OpenAI is helping to create a new security baseline for Enterprise AI

For CISOs evaluating AI deployment, the red team discoveries establish clear requirements:

Quantifiable protection: ChatGPT Agent’s 95% defense rate against documented attack vectors sets the industry benchmark. The nuances of the many tests and results defined in the system card explain the context of how they accomplished this and is a must-read for anyone involved with model security.

Complete visibility: 100% traffic monitoring isn’t aspirational anymore. OpenAI’s experiences illustrate why it’s mandatory given how easily red teams can hide attacks anywhere.

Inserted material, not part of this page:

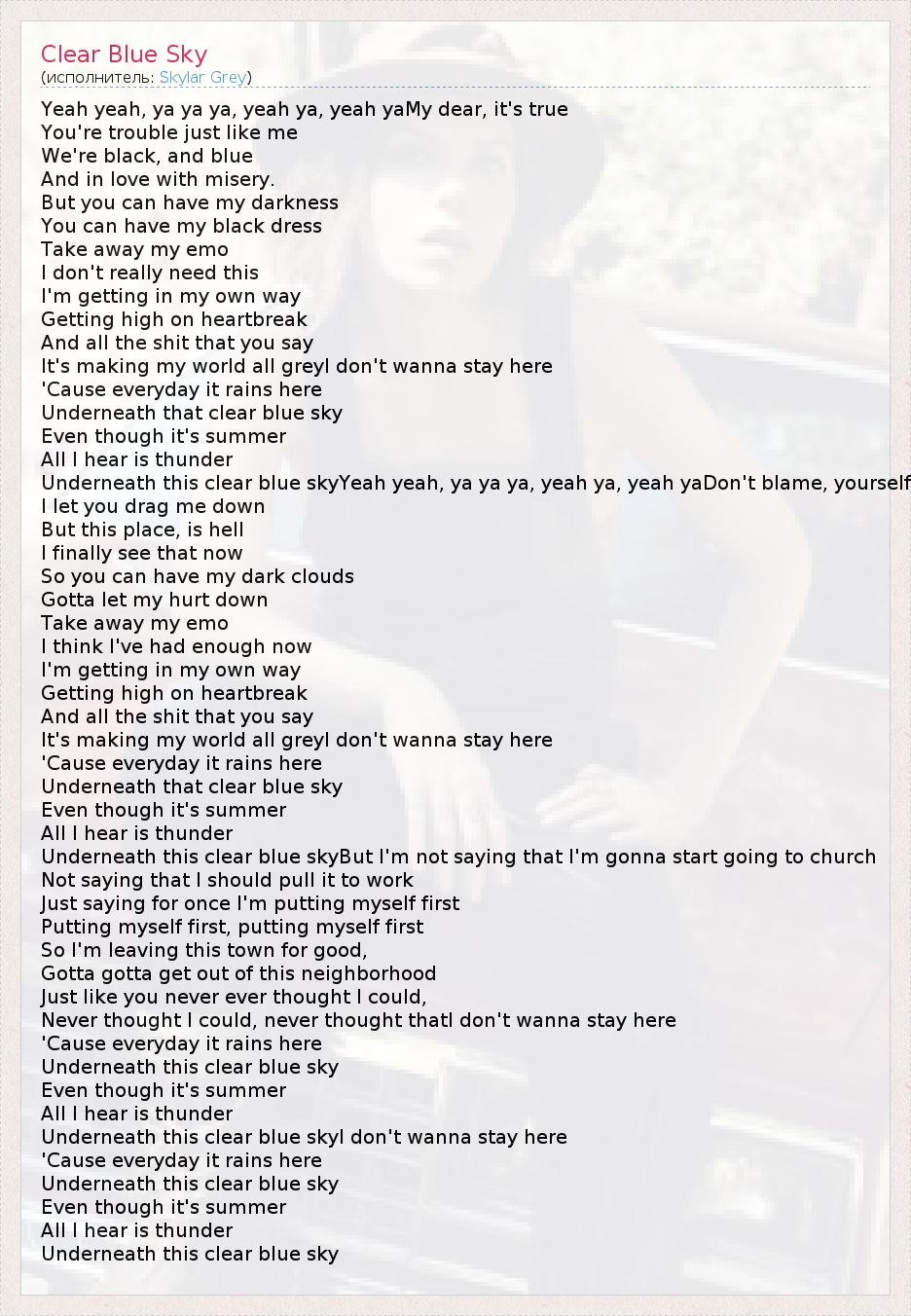 А как ты думаешь, о чем песня "Clear Blue Sky" ?

Rapid response: Hours, not weeks, to patch discovered vulnerabilities.

Enforced boundaries: Some operations (like memory access during sensitive tasks) must be disabled until proven safe.

UK AISI’s testing proved particularly instructive. All seven universal attacks they identified were patched before launch, but their privileged access to internal systems revealed vulnerabilities that would eventually be discoverable by determined adversaries.

“This is a pivotal moment for our Preparedness work,” Gu wrote on X. “Before we reached High capability, Preparedness was about analyzing capabilities and planning safeguards. Now, for Agent and future more capable models, Preparedness safeguards have become an operational requirement.”

Red teams are core to building safer, more secure AI models

The seven universal exploits discovered by researchers and the 110 attacks from OpenAI’s red team network became the crucible that forged ChatGPT Agent.

By revealing exactly how AI agents could be weaponized, red teams forced the creation of the first AI system where security isn’t just a feature. It’s the foundation.

ChatGPT Agent’s results prove red teaming’s effectiveness: blocking 95% of visual browser attacks, catching 78% of data exfiltration attempts, monitoring every single interaction.

In the accelerating AI arms race, the companies that survive and thrive will be those who see their red teams as core architects of the platform that push it to the limits of safety and security.